6 一方、帝都にて
アルメリア襲撃事件の翌日、彼女達は戦場を後にする事になっていた。
元々、彼女たちの戦場への慰問は三日間行われる予定だったが、初日にアルメリアが襲われた事件が発生。その為、慰問は急遽中断、彼女たちは急いで皇宮に戻ることになったのだ。
そして、アルメリア襲撃の一件は当然ヴァレリア帝国の皇帝であるガイウスにも伝えられた。
「成人すらしていない身で刺客の奇襲を乗り越えるどころか、逆に刺客の命を奪う、か。やはり、本当に惜しいな」
そう言いながら、ガイウスは報告書を机の上に置く。
「して、余の娘の命を狙った者の正体は掴めたのか?」
「ええ、どうやら奴はエクレイト王国ではかなり名の通った暗殺者だったようです。依頼主も既に掴んでおります」
そして、側近は懐から一枚の書状を取り出し、ガイウスへと手渡した。それはヴァレリア帝国の皇族を標的とした暗殺の依頼書であった。
依頼主の欄にはエクレイトの国王と宰相及び国王側近の大貴族たちの名が連名で記されている。
エクレイト王国はヴァレリア帝国が少し前に征服した国の名だ。
そして、これはそんなエクレイト王国の王城にあったものを押収した際に偶然見つけだしたものであった。
「先の侵攻戦でエクレイトの王城は既に陥落。残すは各地の反抗勢力のみ。ここにある依頼日を考えるに、陥落前に最後に一矢でも報いようと娘の暗殺を狙ったという所か」
「ええ、陛下のおっしゃる通りです。この依頼書を元に捕えているエクレイト王国の国王と宰相を尋問しました所、同じ証言を得ております。こちらは今回の襲撃計画の全容を纏めた報告書となります」
そして、ガイウスは手渡された報告書を読み始めた。
襲撃計画は、まず後方の駐留地に少数の部隊を接近させ、周囲の森に潜伏させる。皇族が乗る馬車が到着後、夜の闇に紛れて駐留地を奇襲し皇族の命を奪う。
もし、奇襲部隊で皇族を殺める事が出来なかった場合には皇族の護衛は手厚くなるかもしれないが、その時には予め依頼した暗殺者によって確実に皇族の命を奪う、というのが彼らの計画だった。

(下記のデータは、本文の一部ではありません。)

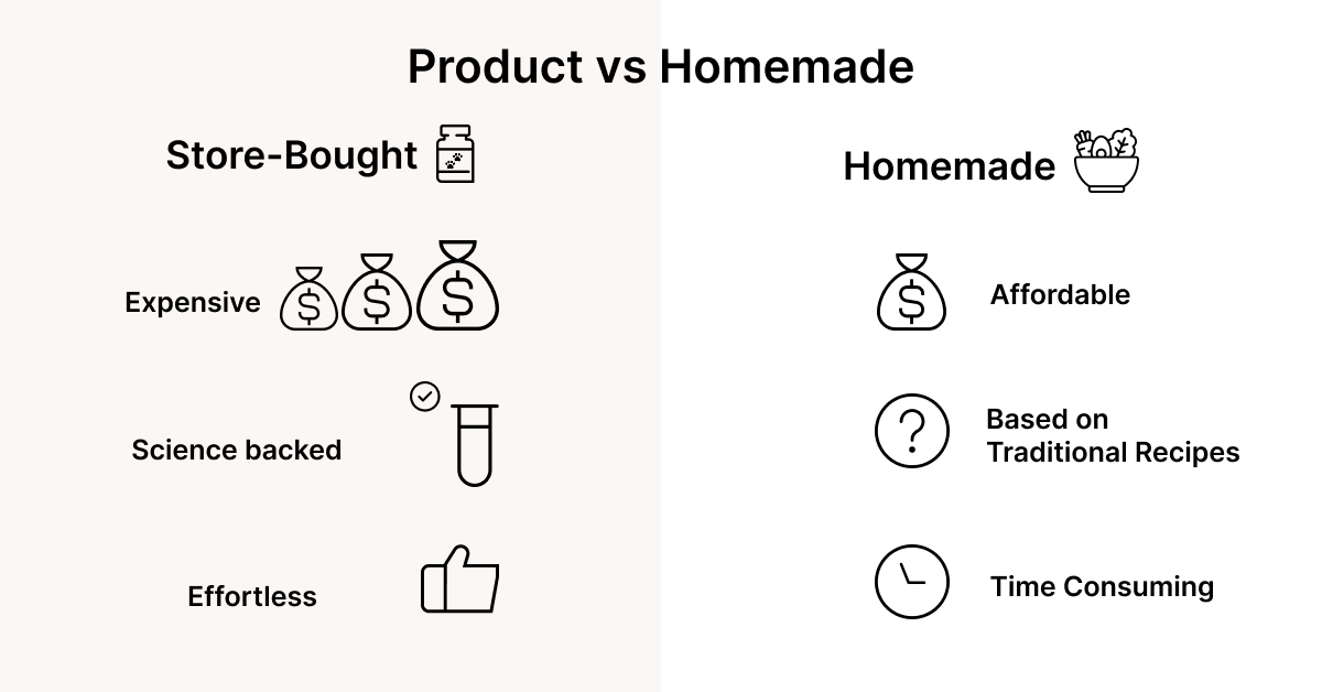 As a dog owner, you want what’s best for your furry friend’s health. You’ve likely heard about the benefits of probiotics for improving digestion, boosting immunity, and even helping with issues like diarrhea and allergies. This leads to a crucial question: should you buy a specially formulated canine probiotic, or can you give your dog homemade probiotic-rich foods like yogurt or kefir? This guide breaks down the pros and cons of both approaches to help you make an informed decision. Store-Bought Probiotics: The Convenient & Targeted Choice Commercial probiotics are specifically designed for dogs and are the most common choice for owners looking for a reliable solution. These products come in various forms, including powders, chews, and capsules. Pros: Guaranteed Potency & Specific Strains: This is the biggest advantage. A reputable store-bought product will list the exact strains of bacteria (like Enterococcus faecium or Lactobacillus acidophilus) and guarantee the number of Colony Forming Units (CFUs). This is critical if you’re targeting a specific health issue. For example, the best probiotic for dogs with diarrhea will contain strains clinically studied for that purpose. Convenience and Ease of Use: There’s no prep work involved. You simply add the recommended dose to your dog’s food. This makes it easy to ensure your dog gets a consistent amount every day. Formulated for Survival: The top-rated dog probiotics are designed to survive the harsh acidic environment of a dog’s stomach, ensuring the beneficial bacteria reach the intestines alive and ready to work. Safety and Quality Control: Trusted brands undergo rigorous testing to ensure their products are free from contaminants and meet the potency claims on the label. Cons: Cost: High-quality, high-CFU dog probiotics can be an ongoing expense. The price often reflects the research and quality control that goes into the product. Fillers and Additives: Some lower-quality or affordable dog probiotics may contain unnecessary fillers, artificial flavors, or preservatives that you might prefer to avoid. Always read the label carefully. Best For: Owners who need to address a specific health concern (diarrhea, allergies, post-antibiotic care), value convenience, and want the assurance of a scientifically formulated, dose-specific product. Homemade Probiotics: The Natural & Economical Option Homemade probiotics typically involve giving your dog small amounts of fermented foods like plain, unsweetened yogurt, kefir, or even fermented vegetables like sauerkraut. Pros: Cost-Effective: Making yogurt or kefir at home is significantly cheaper than buying a monthly supply of commercial supplements. Natural & Whole-Food Based: You have complete control over the ingredients. You know your dog is getting a whole food without any fillers or artificial additives. Diverse Bacteria: Fermented foods can contain a wide and diverse range of beneficial bacteria, which can be great for general gut health maintenance. Cons: Unknown Potency and Strains: You have no way of knowing which specific strains of bacteria are in your homemade batch or in what amount. The CFU count can vary wildly from one batch to the next, making it unreliable for therapeutic use. Dairy & Palatability Issues: Many dogs are lactose intolerant, so dairy-based options like yogurt and kefir can sometimes cause digestive upset—the very thing you’re trying to prevent. Harmful Ingredients: You must be extremely careful. For example, store-bought yogurt is often sweetened with xylitol, which is highly toxic to dogs. You must only use plain, unsweetened varieties. Not Canine-Specific: The bacteria in human foods are not necessarily the most beneficial strains for a dog’s unique digestive system. Best For: Healthy dogs without specific issues, where the goal is a general wellness boost from a whole-food source. It’s a good option for owners who are on a budget and are diligent about using pet-safe ingredients. Comparison Chart: Dog Probiotics [Brand vs. Homemade] Feature Store-Bought Probiotics Homemade Probiotics (e.g., Yogurt/Kefir) Primary Goal Targeted therapeutic support General wellness Strain Specificity Yes, specific strains listed No, unknown mix of strains Potency (CFU) Guaranteed and consistent Unknown and varies per batch Convenience High (scoop or chew) Low (requires preparation) Cost Higher initial and ongoing cost Very low cost Safety Regulated and tested Risk of using unsafe ingredients (xylitol) Best For… Dogs with diarrhea, allergies, yeast issues, or on antibiotics. Healthy dogs needing a general gut health boost. Conclusion: Which Probiotic Is Best for My Dog? So, are dog probiotics worth it? Absolutely. But the choice between store-bought and homemade depends on your goal. The best canine probiotics for health condition management or antibiotic treatment support or reliable dosage delivery come from top-rated dog probiotic powders or chews from reputable brands. The ability to evaluate dog probiotics and select one with established strains represents an essential advantage. A spoonful of plain unsweetened homemade yogurt or kefir serves as an excellent natural and budget-friendly supplement for maintaining healthy gut function in dogs who are already in good health. The most secure and efficient way for new probiotic users to begin is by selecting a well-reviewed commercial product. Your veterinarian should help you decide the most suitable approach for your dog’s specific requirements.

「ですが、途中の大雨による土砂災害が功を奏したようです。分断され、先行した馬車を見た奇襲部隊が馬車に皇族が乗っていると思い込み、奇襲をかけたようです」
「なるほどな。連中も運が無かったという事か」
「陛下、捕えた王族たちの処遇は如何なさいましょうか?」
「無論、一族郎党を刑に処せ。愚かにも我が帝国の皇族の命を狙ったのだ、この罪は奴らの死でしか贖えん」
「畏まりました」
「余の娘たちが慰問を行う事を知っていたのはそれほど多くない。内通者が何処かに潜んでいる可能性もある。徹底的に調査を行え」
「はっ!!」
そして、側近たちは揃って部屋から退出していった。
一方、執務室に残ったガイウスは先程の報告書を再び読んでいた。
「ククッ、しかしアルメリアは本当に面白いな。あの娘を産んだ者にも興味が出てきた。あの娘を産んだのは一体誰であったか」
そう言いながら彼は自身の昔の記憶を辿っていく。
大国であるヴァレリア帝国ともなれば、皇帝の妃や子供らも数多くいる。その為、自身の子であったとしても顔と名前を知っているだけの子らも多くいるのだ。

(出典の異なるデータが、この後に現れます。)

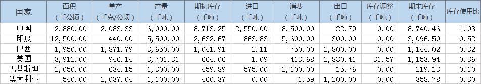以下為主要生產(chǎn)國棉花供需情況預估:
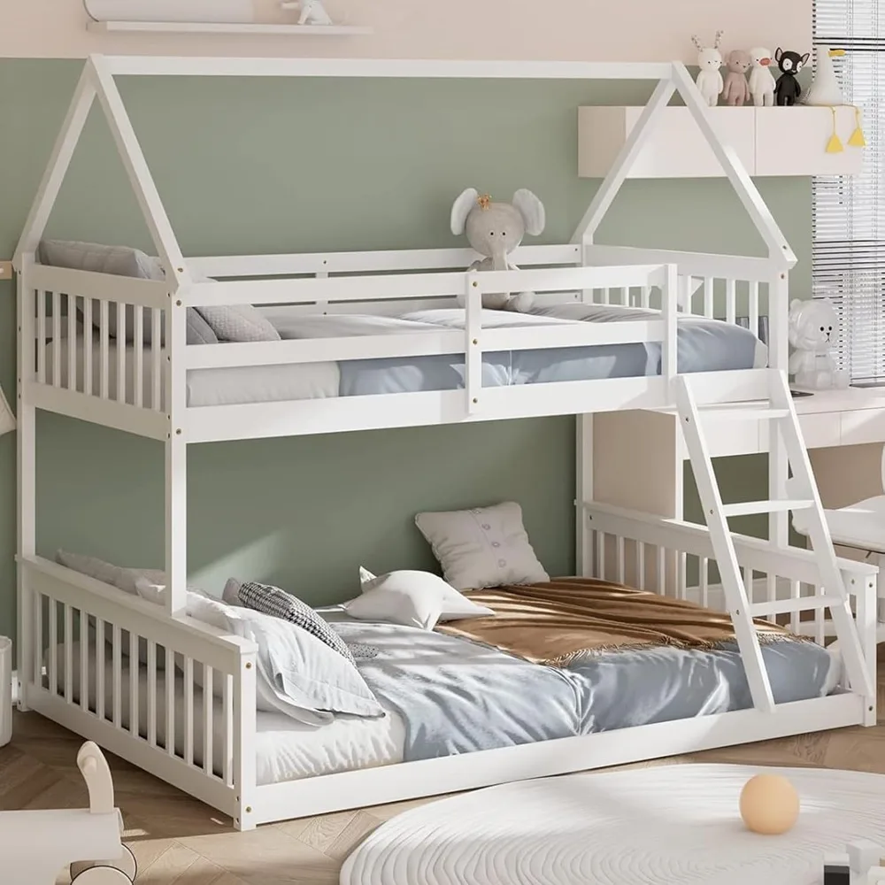 Litera, escalera empotrada, convertible a 2 camas, camas de suelo para niños, adolescentes y jóvenes, marco de cama de casa de madera maciza

そして、目的の記憶にたどり着いたその時、彼の心中は今迄に無いほどに興奮で包まれた。
「クハハハハハッ、ハハハハハハ!! そうかそうか!! 思い出した、思い出したぞ!!
女児を産んだと聞き、すっかりと興味を無くし、完全に忘れていた!!
となると、アルメリアはあの力を持って生まれている可能性も十分にある。数年後を楽しみに待つとするか」
そして、彼は興奮冷めやらぬまま執務を再開するのだった。